Work task:
From the line that contains "sh nacos-config.sh -h" through the closing line of the entries, write out each line exactly; pictures stay out.

Information:
━━━━━━━━━━━━━━━━━━━━━━━━━━━━━━
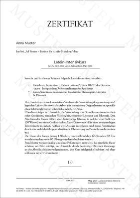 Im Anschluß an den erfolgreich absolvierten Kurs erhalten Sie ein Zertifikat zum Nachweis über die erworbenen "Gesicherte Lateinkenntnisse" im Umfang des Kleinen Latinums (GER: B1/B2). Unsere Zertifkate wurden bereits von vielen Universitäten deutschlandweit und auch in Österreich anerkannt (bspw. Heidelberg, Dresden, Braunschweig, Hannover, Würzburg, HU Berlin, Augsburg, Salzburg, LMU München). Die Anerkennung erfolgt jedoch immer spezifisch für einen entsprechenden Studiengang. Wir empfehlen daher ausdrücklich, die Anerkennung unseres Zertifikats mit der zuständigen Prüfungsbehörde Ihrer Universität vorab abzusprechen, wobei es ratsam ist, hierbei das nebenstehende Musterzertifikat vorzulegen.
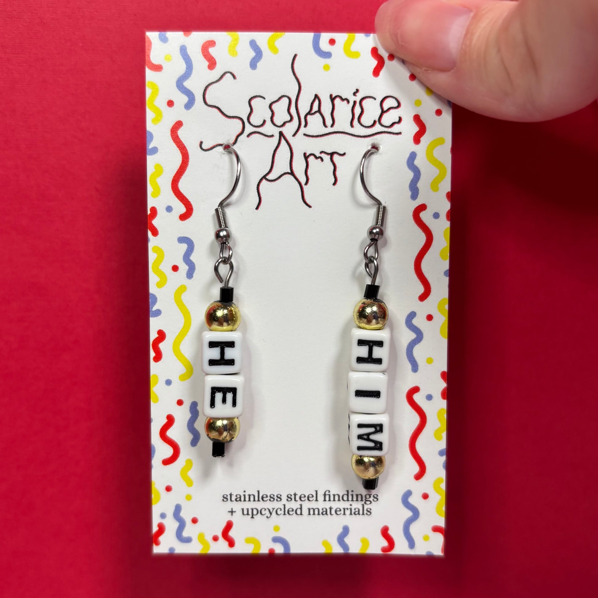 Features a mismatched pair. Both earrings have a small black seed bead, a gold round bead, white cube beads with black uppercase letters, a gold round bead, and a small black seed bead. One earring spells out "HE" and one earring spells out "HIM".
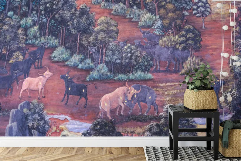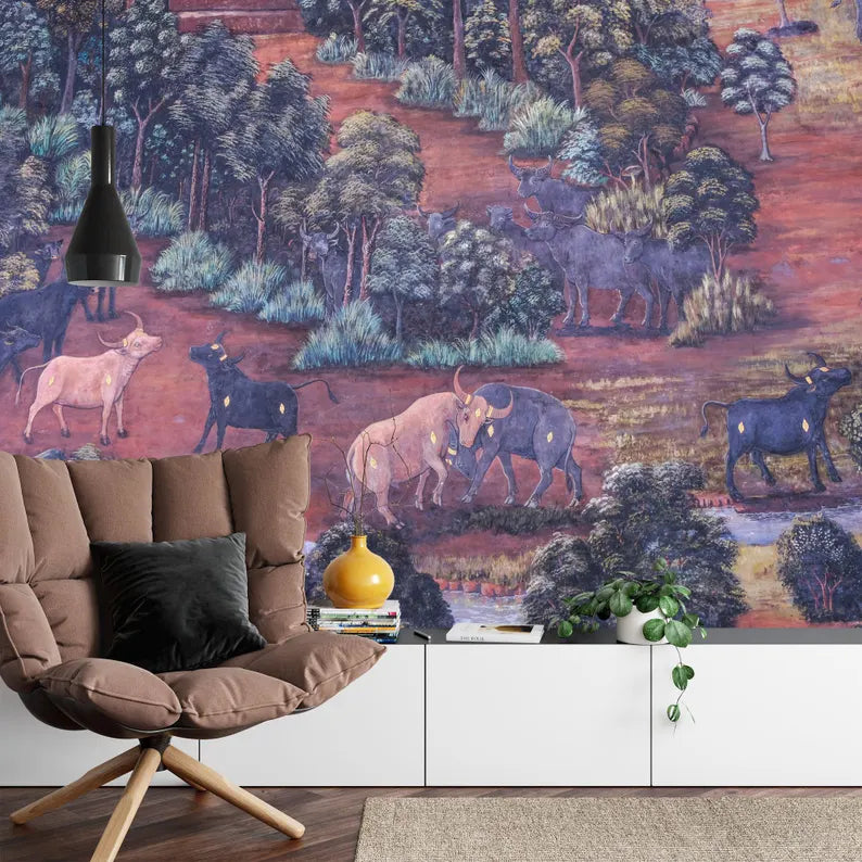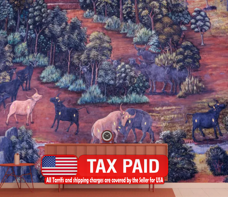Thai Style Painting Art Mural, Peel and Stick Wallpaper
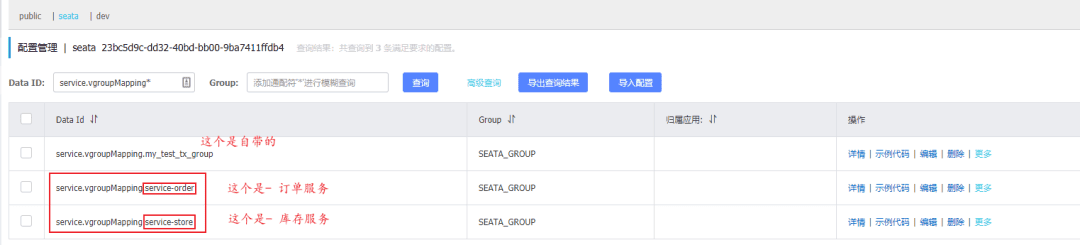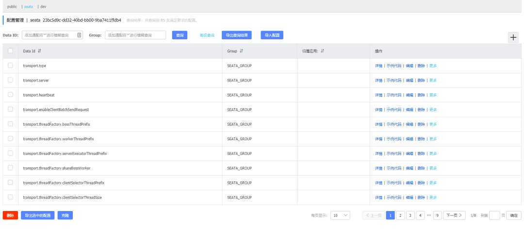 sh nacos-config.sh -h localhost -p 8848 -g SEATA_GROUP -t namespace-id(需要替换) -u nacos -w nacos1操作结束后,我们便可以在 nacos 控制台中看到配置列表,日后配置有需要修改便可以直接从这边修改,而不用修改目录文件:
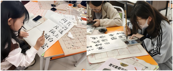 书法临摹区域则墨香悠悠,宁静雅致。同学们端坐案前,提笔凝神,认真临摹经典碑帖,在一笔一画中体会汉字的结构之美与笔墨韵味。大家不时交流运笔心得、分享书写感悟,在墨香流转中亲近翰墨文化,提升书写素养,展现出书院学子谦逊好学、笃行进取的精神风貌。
━━━━━━━━━━━━━━━━━━━━━━━━━━━━━━
Expected answer:
 sh nacos-config.sh -h localhost -p 8848 -g SEATA_GROUP -t namespace-id(需要替换) -u nacos -w nacos1操作结束后,我们便可以在 nacos 控制台中看到配置列表,日后配置有需要修改便可以直接从这边修改,而不用修改目录文件:
 书法临摹区域则墨香悠悠,宁静雅致。同学们端坐案前,提笔凝神,认真临摹经典碑帖,在一笔一画中体会汉字的结构之美与笔墨韵味。大家不时交流运笔心得、分享书写感悟,在墨香流转中亲近翰墨文化,提升书写素养,展现出书院学子谦逊好学、笃行进取的精神风貌。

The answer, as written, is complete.